> Problem to work on
Pictures in the material below are to be left out, and only the lines from the line with "Skupina Smiley je" up to and including the line with "Finishing Trials, The" are to be written out exactly.

> Recorded information
-=-=-=-=-
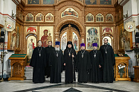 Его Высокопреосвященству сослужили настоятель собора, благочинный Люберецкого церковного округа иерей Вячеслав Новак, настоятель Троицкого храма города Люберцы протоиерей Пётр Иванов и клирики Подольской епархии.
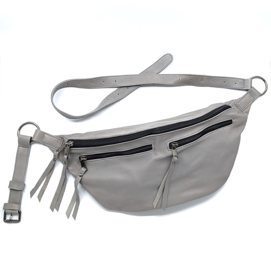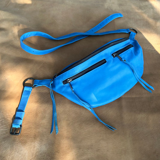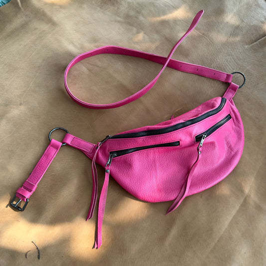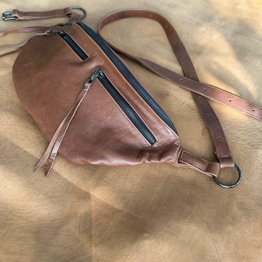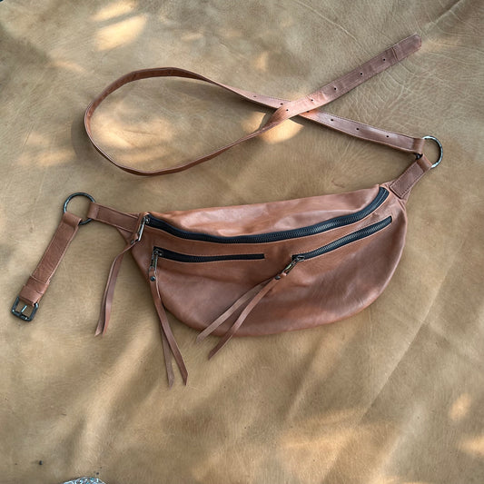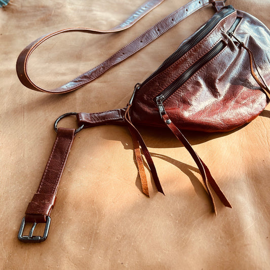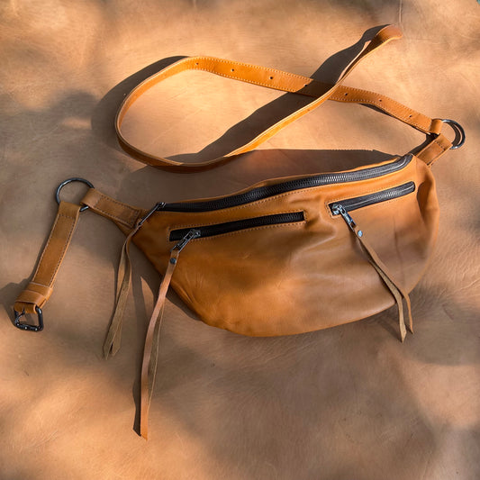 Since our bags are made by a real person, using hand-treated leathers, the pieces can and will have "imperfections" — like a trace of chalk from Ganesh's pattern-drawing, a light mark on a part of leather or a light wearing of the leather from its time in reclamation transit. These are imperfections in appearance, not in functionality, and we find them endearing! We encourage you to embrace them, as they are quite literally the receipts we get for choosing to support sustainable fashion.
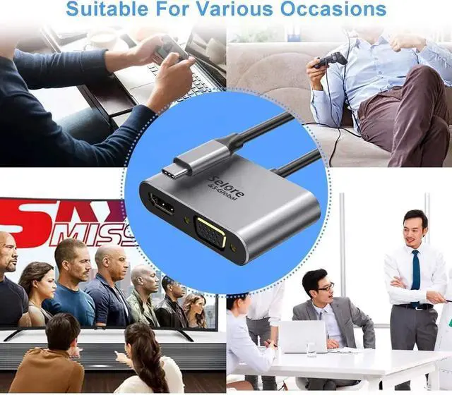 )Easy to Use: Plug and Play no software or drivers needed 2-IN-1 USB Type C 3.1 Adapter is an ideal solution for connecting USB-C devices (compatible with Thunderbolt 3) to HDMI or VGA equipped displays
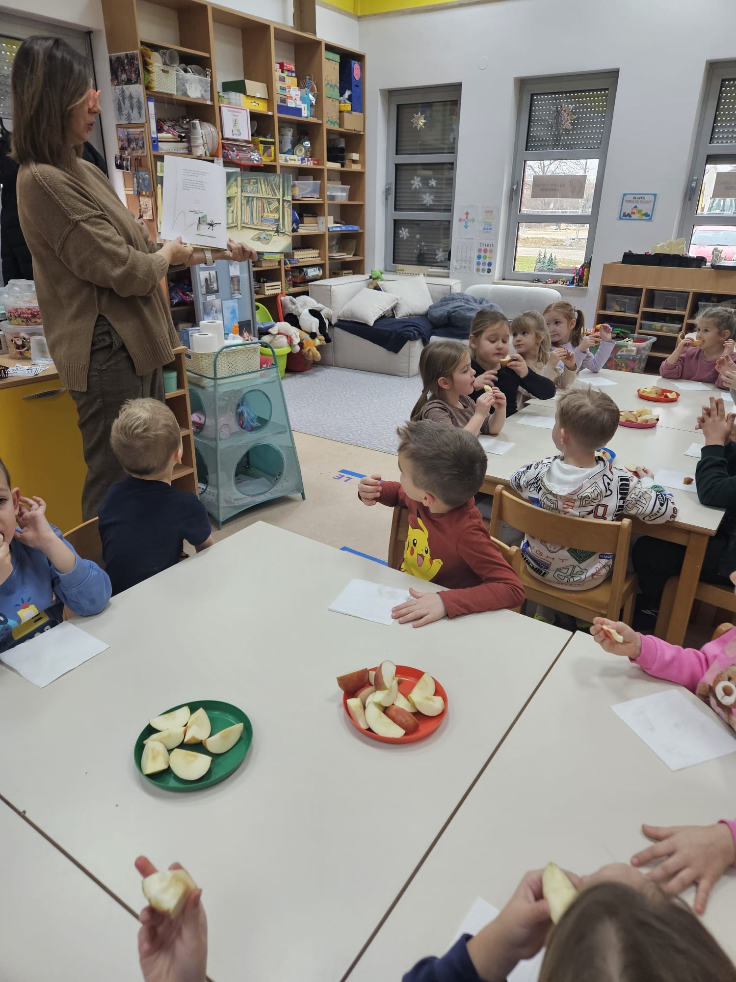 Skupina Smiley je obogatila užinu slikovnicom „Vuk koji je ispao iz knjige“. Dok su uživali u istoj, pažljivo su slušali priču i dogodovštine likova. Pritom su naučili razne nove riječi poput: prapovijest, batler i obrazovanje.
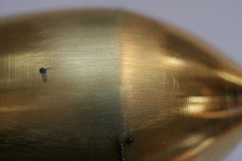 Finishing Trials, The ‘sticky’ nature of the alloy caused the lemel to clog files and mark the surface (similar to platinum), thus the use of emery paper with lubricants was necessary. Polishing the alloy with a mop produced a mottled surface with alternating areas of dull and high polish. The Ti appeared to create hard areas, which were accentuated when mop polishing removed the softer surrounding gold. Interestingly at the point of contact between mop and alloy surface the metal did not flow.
-=-=-=-=-
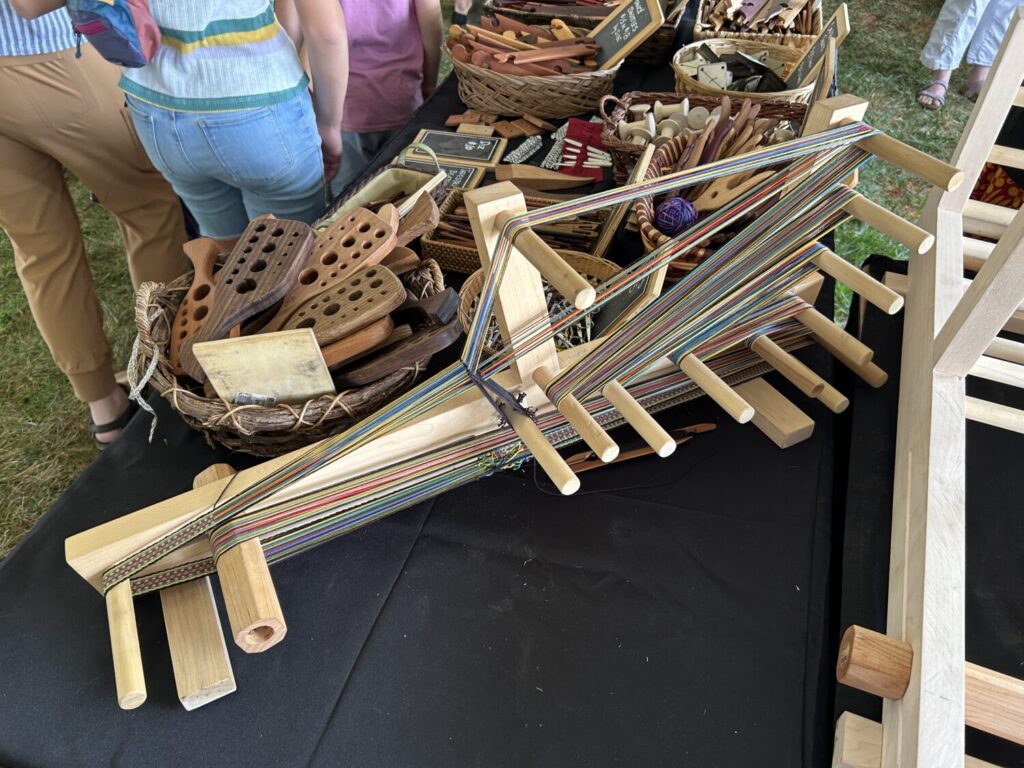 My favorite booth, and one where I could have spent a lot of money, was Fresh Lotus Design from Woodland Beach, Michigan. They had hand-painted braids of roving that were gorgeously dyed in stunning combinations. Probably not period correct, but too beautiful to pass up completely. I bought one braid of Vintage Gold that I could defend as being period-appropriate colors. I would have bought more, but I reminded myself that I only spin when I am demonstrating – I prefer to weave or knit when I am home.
-=-=-=-=-
> Answer to the problem
 Skupina Smiley je obogatila užinu slikovnicom „Vuk koji je ispao iz knjige“. Dok su uživali u istoj, pažljivo su slušali priču i dogodovštine likova. Pritom su naučili razne nove riječi poput: prapovijest, batler i obrazovanje.
 Finishing Trials, The ‘sticky’ nature of the alloy caused the lemel to clog files and mark the surface (similar to platinum), thus the use of emery paper with lubricants was necessary. Polishing the alloy with a mop produced a mottled surface with alternating areas of dull and high polish. The Ti appeared to create hard areas, which were accentuated when mop polishing removed the softer surrounding gold. Interestingly at the point of contact between mop and alloy surface the metal did not flow.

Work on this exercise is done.